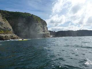 There are many beautiful cliff and beach sections along this stretch of coast, though Mike in his sea kayak was the only one of us who could really get in close to shore to enjoy it given the swells and hidden rocks just below the surface.
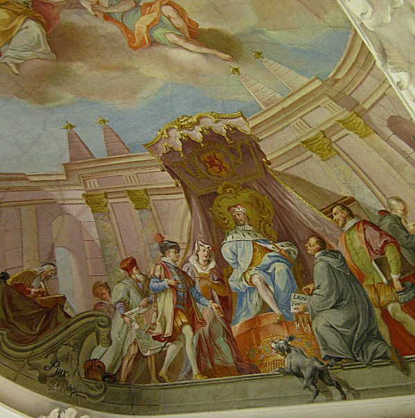 Karl der Große nimmt einen besonderen Platz ein. Im Deckenfresko
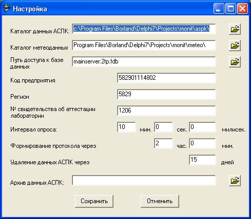 Пункт меню «Настройка» позволяет выполнить настройку текущей конфигурации программы. При выборе этого пункта открывается следующее окно:
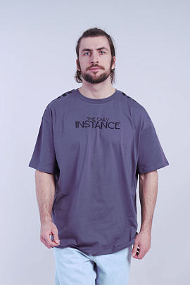 Футболка прямого силуэта длиной по линию бедер. Короткий рукав. Круглая горловина обработана узкой притачной обтачкой из рибаны с эластаном. Полочка декорирована принтом "единственный экземпляр".
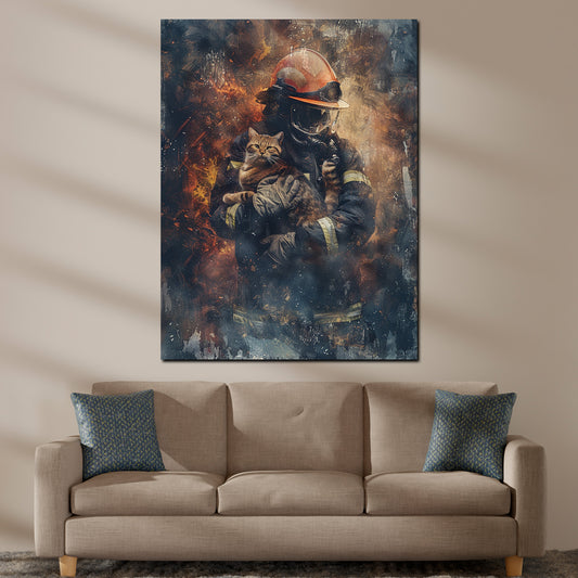 Abstrakt Feuerwehrmann im Einsatz rettet Katze Wandbild Kunstwerk
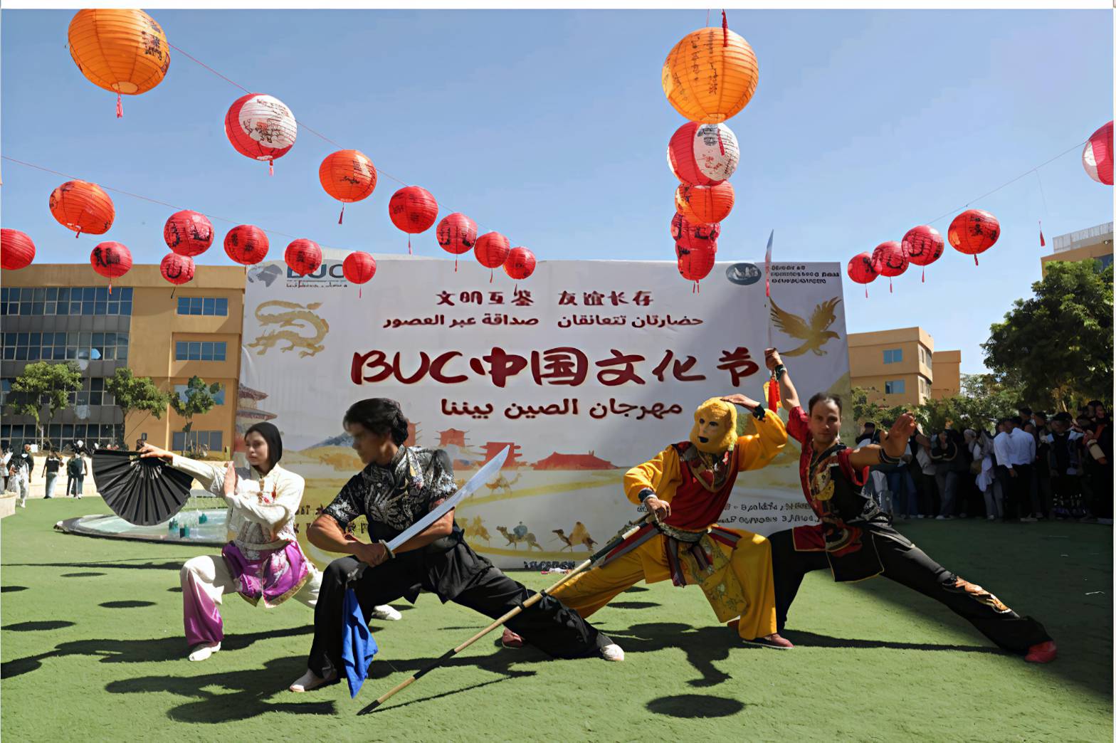บนเวทีการสาธิตศิลปะป้องกันตัวจีนในงานเทศกาลวัฒนธรรมจีนที่มหาวิทยาลัยบัดร์ ไคโร อียิปต์ (ซินหัว)หลู ชุนเซิง อัครราชทูตที่ปรึกษาสถานทูตจีนประจำอียิปต์ ระบุว่า ความนิยมในการศึกษาภาษาจีนช่วยให้เยาวชนอียิปต์เข้าใจ รัก และหันมาสนใจศึกษาวัฒนธรรมจีนมากขึ้นมักดี อาเมอร์ อดีตเอกอัครราชทูตอียิปต์ประจำสาธารณรัฐประชาชนจีน กล่าวว่า เทศกาลเช่นนี้เป็นดั่ง “สะพานเชื่อมสองอารยธรรมโบราณ” และช่วยเพิ่มพูนความเข้าใจซึ่งกันและกันอัชราฟ เอล-ชีฮี อธิการบดีมหาวิทยาลัยบัดร์ กล่าวว่า ภายใต้ข้อริเริ่ม “หนึ่งแถบ หนึ่งเส้นทาง” ความร่วมมือระหว่างจีน-อียิปต์ กำลังขยายตัวทั้งในด้านโครงสร้างพื้นฐาน การค้า การลงทุน และการศึกษา และทั้งสองประเทศ “ไม่ใช่แค่พันธมิตร แต่เป็นสหายที่ร่วมเดินหน้าไปด้วยกัน”ที่มา People’s Daily Online

§ TO DO
Please reproduce only the lines from the one holding "Karl der Große" through the final line of the listing above, both included, with each picture left out.

§ PROBLEM SOLUTION
 Karl der Große nimmt einen besonderen Platz ein. Im Deckenfresko
 Пункт меню «Настройка» позволяет выполнить настройку текущей конфигурации программы. При выборе этого пункта открывается следующее окно:
 Футболка прямого силуэта длиной по линию бедер. Короткий рукав. Круглая горловина обработана узкой притачной обтачкой из рибаны с эластаном. Полочка декорирована принтом "единственный экземпляр".
 Abstrakt Feuerwehrmann im Einsatz rettet Katze Wandbild Kunstwerk
บนเวทีการสาธิตศิลปะป้องกันตัวจีนในงานเทศกาลวัฒนธรรมจีนที่มหาวิทยาลัยบัดร์ ไคโร อียิปต์ (ซินหัว)หลู ชุนเซิง อัครราชทูตที่ปรึกษาสถานทูตจีนประจำอียิปต์ ระบุว่า ความนิยมในการศึกษาภาษาจีนช่วยให้เยาวชนอียิปต์เข้าใจ รัก และหันมาสนใจศึกษาวัฒนธรรมจีนมากขึ้นมักดี อาเมอร์ อดีตเอกอัครราชทูตอียิปต์ประจำสาธารณรัฐประชาชนจีน กล่าวว่า เทศกาลเช่นนี้เป็นดั่ง “สะพานเชื่อมสองอารยธรรมโบราณ” และช่วยเพิ่มพูนความเข้าใจซึ่งกันและกันอัชราฟ เอล-ชีฮี อธิการบดีมหาวิทยาลัยบัดร์ กล่าวว่า ภายใต้ข้อริเริ่ม “หนึ่งแถบ หนึ่งเส้นทาง” ความร่วมมือระหว่างจีน-อียิปต์ กำลังขยายตัวทั้งในด้านโครงสร้างพื้นฐาน การค้า การลงทุน และการศึกษา และทั้งสองประเทศ “ไม่ใช่แค่พันธมิตร แต่เป็นสหายที่ร่วมเดินหน้าไปด้วยกัน”ที่มา People’s Daily Online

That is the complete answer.